⟨

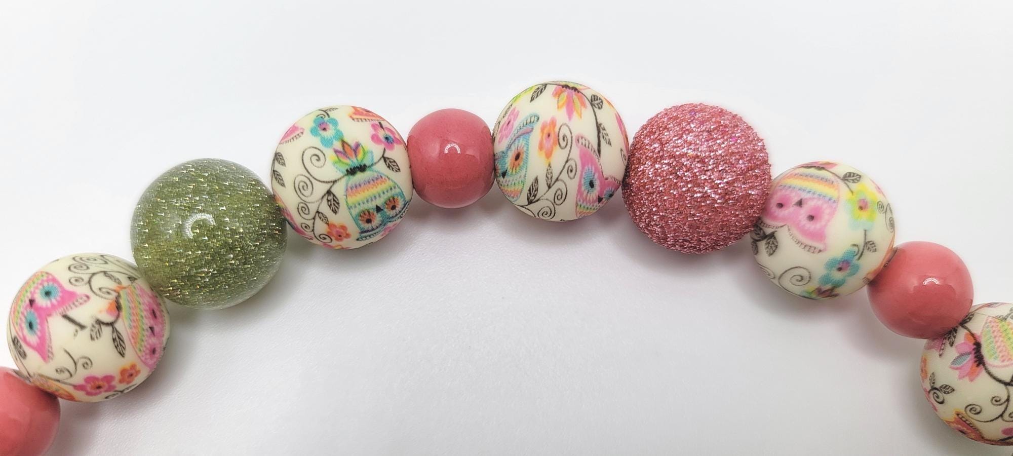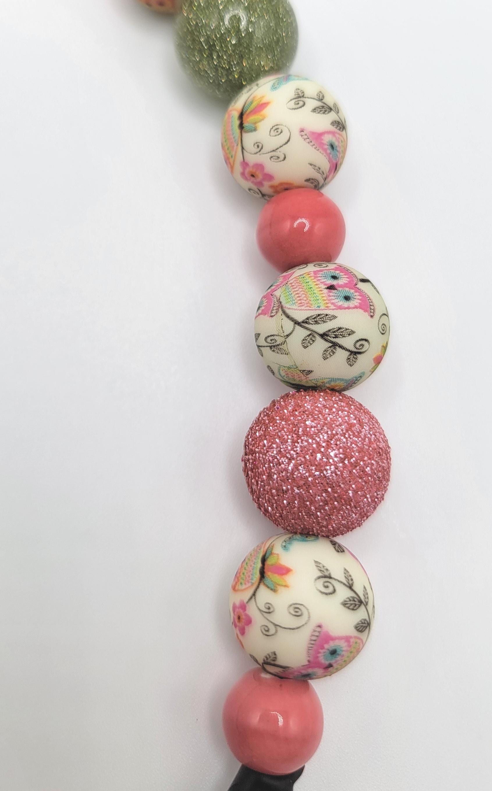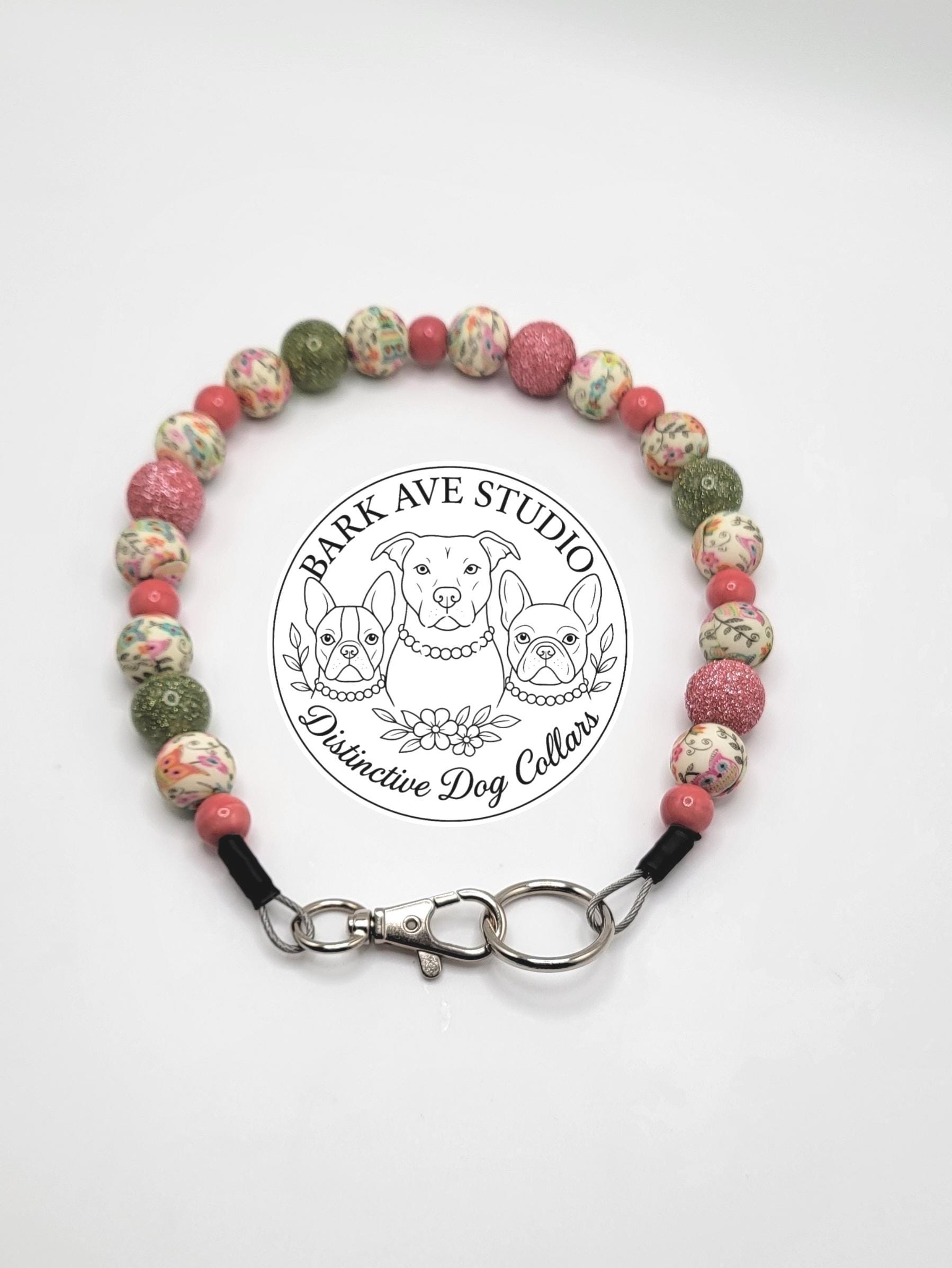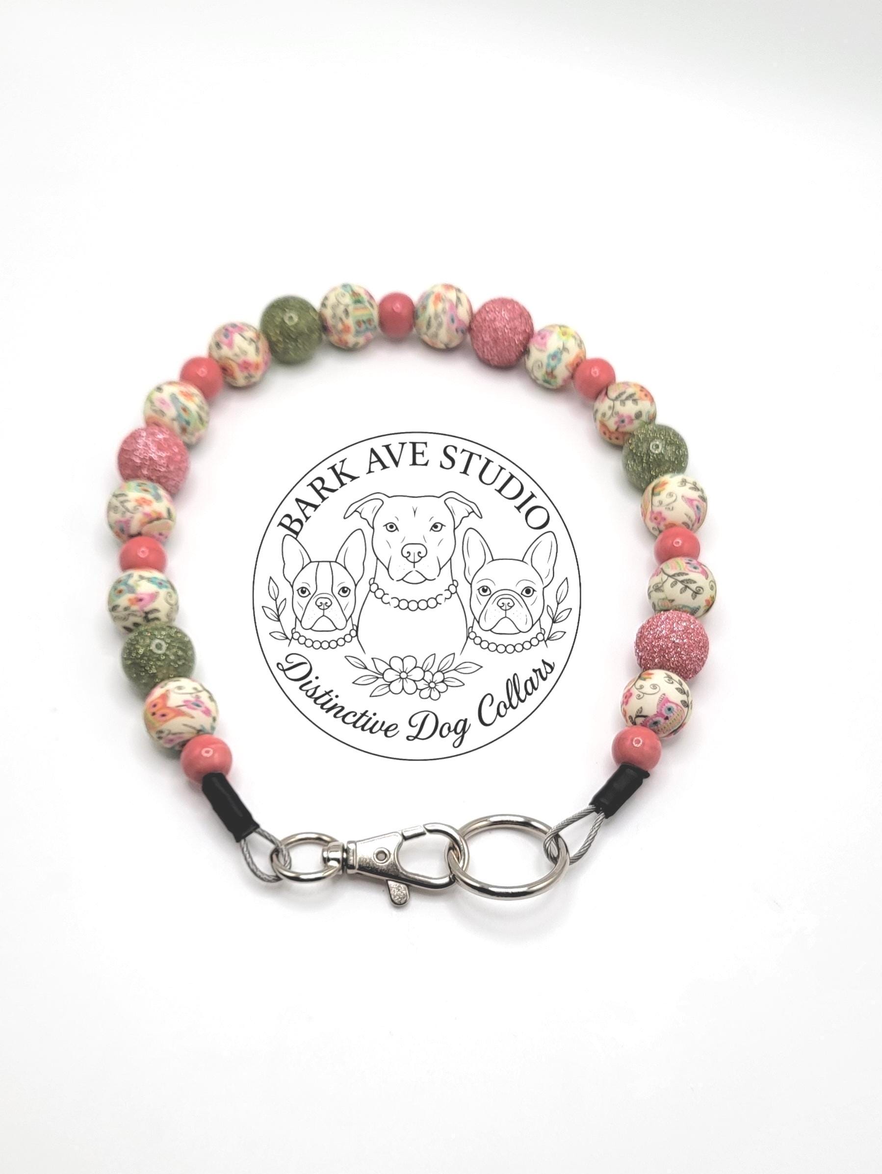 Let your pup strut in style with our Whimsical Owl Garden Bloom Dog Collar, handcrafted with a vibrant mix of coral pink shimmer, moss green glitter, and owl printed beads. This unique piece channels spring garden vibes and is perfect for dogs with a bold, playful spirit.
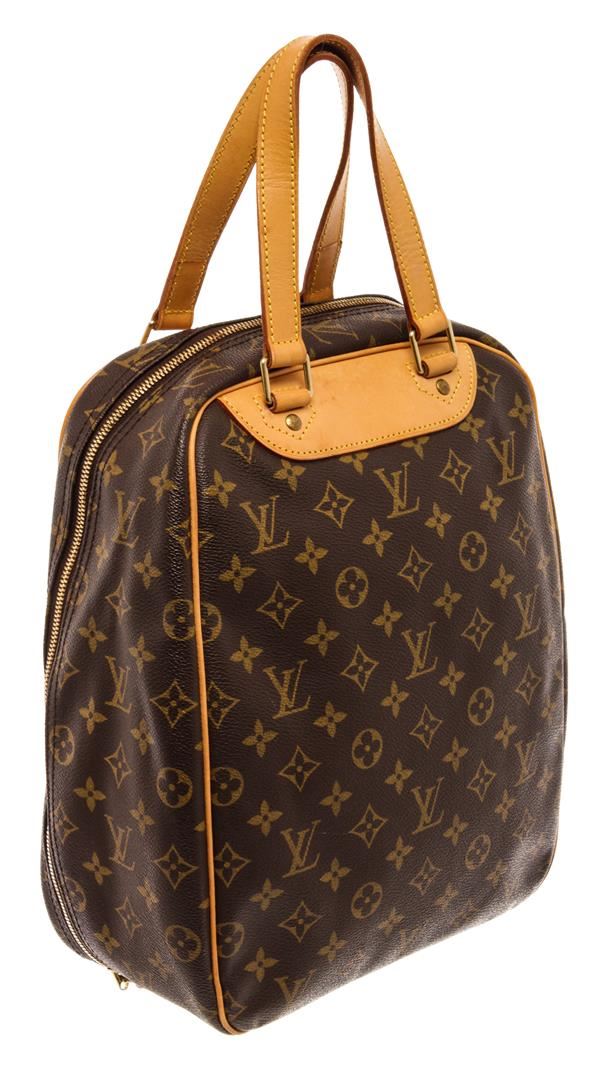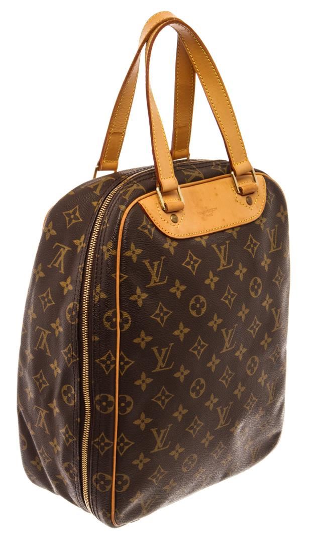 Louis Vuitton Brown Monogram Canvas Leather Excursion Travel Bag. All available information is listed in the description and shown in the photos. Louis Vuitton Brown Monogram Canvas Leather Excursion Travel Bag with the excursion features a monogram canvas body, flat vachetta handles, gold-tone hardware, vachetta trim, canvas lining, a zip around closure at side, and an interior slip pocket. 12.6" L x 7.9" W x 4.3" D, Drop : 5.5" / 32.00 x 20.06 x 10.92 Cm
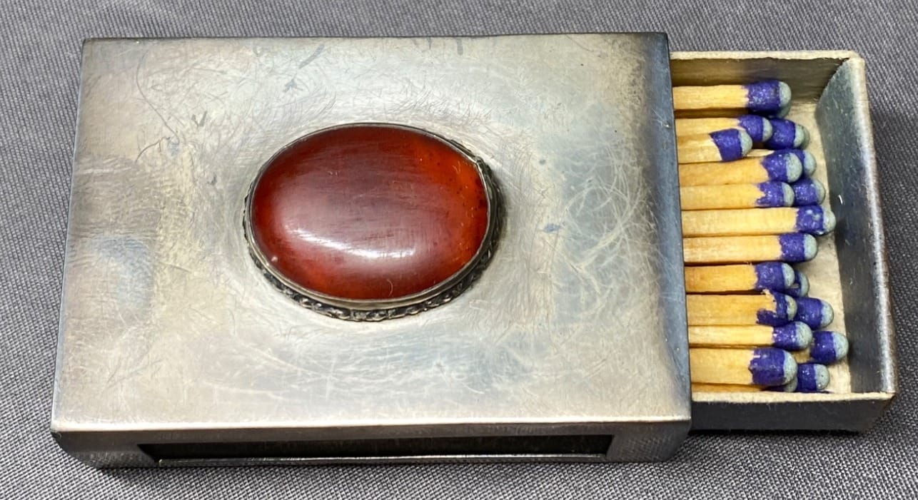 2175 Match Safe with Amber-Colored Stone Accent - total weight 34 grams

⟩

▸ **PROBLEM STATEMENT**: From the first line to the last, transcribe the listing exactly; skip the pictures.

▸ **RESULT BELOW**:
 Let your pup strut in style with our Whimsical Owl Garden Bloom Dog Collar, handcrafted with a vibrant mix of coral pink shimmer, moss green glitter, and owl printed beads. This unique piece channels spring garden vibes and is perfect for dogs with a bold, playful spirit.
 Louis Vuitton Brown Monogram Canvas Leather Excursion Travel Bag. All available information is listed in the description and shown in the photos. Louis Vuitton Brown Monogram Canvas Leather Excursion Travel Bag with the excursion features a monogram canvas body, flat vachetta handles, gold-tone hardware, vachetta trim, canvas lining, a zip around closure at side, and an interior slip pocket. 12.6" L x 7.9" W x 4.3" D, Drop : 5.5" / 32.00 x 20.06 x 10.92 Cm
 2175 Match Safe with Amber-Colored Stone Accent - total weight 34 grams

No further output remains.